岩礁のあちこちから飛び出しドローンのライトを鈍く反射するそれは『海鉄』とイサナが呼ぶ自然に生えた金属のカケラだ、加工しやすく特異な性質をもつそれは様々な道具の材料にもなり……同時にエイトの主な餌となる。
「あんまり取り過ぎると重すぎて動けなくなるから気を付けてね、もし量が必要なら何度か往復すればいいからさ」
話しながらアームの間から生やしたドリルで海鉄を削り取って見せてくれた、俺も真似してみるとイサナのように綺麗にとはいかないが簡単に採る事が出来た。
「お、結構簡単に採れるんだな……よーしイサナ、どっちが多く持ち帰れるか勝負な?」
「もー……シューゴ、僕の話聞いてたー?」
海鉄を削ってはドローンに内蔵されている収納箱に放り投げ、いつしか余裕が出来てからは下ネタを交えた談笑で盛り上がりつつ回収を進めているとやがて操縦にコツがいるぐらいドローンが重くなっていた。
「よっと……イサナ、俺の方はそろそろ限界みたいだけどそっちはどうだ?」
「僕の方も丁度良いかな、それじゃあ上に戻ろうか」
浮上するイサナに付いて行こうとするが少し積み過ぎたのか明らかに速度が出ず、徐々に引き離されていく。

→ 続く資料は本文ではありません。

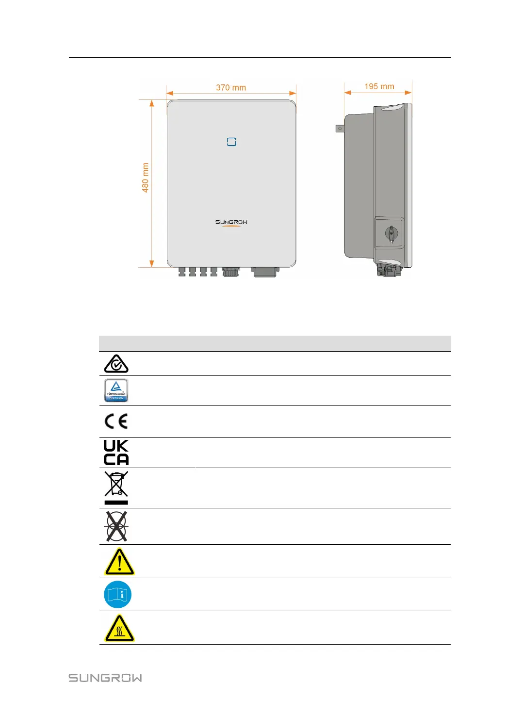 Burn danger due to the hot surface that may exceed 60℃.

「あー……悪い、少し積み過ぎたみたいだ。そっちで取り出せたりする?」
「大丈夫だよ、収納箱だけ開けてくれるかな?」
収納箱を開いて停止するとすぐにやって来たイサナのアームが中にある海鉄を取り出し始めた……しかしここで問題が起こった。何者かが勢いよく俺達の間をぶつかりながら通り抜け、吹き飛ばされた俺達のドローンは回転しながら弾き飛ばされてしまったのだ!
「シューゴ、大丈夫!?」
「目ぇ回ったけどドローンはまだ動ける! 一体何にぶつかった!?」
「ウツボだよシューゴ! でっかいウツボが突っ込んできたんだ!」
体制を立て直してカメラで周囲を確認するとイサナの言葉通り三メートルはあろうかという大きなウツボがこちらを見据えていた。この海なので正確な長さは分からないが、もしかしたらもっと巨大なのかもしれない。
「マジでデカいな! どうする、逃げ切れるか?」
「逃げてもいいけど……インスタントや缶詰ばかりじゃ栄養が偏ると思ってたから、ちょうどいいかな」
「は……イサナ?」
イサナのドローンにカメラを向けると両手のアームから採掘用のドリルを生やして巨大ウツボと向かい合っていた、聞くまでも無くやる気満々……出撃時の俺よりも生き生きとしている。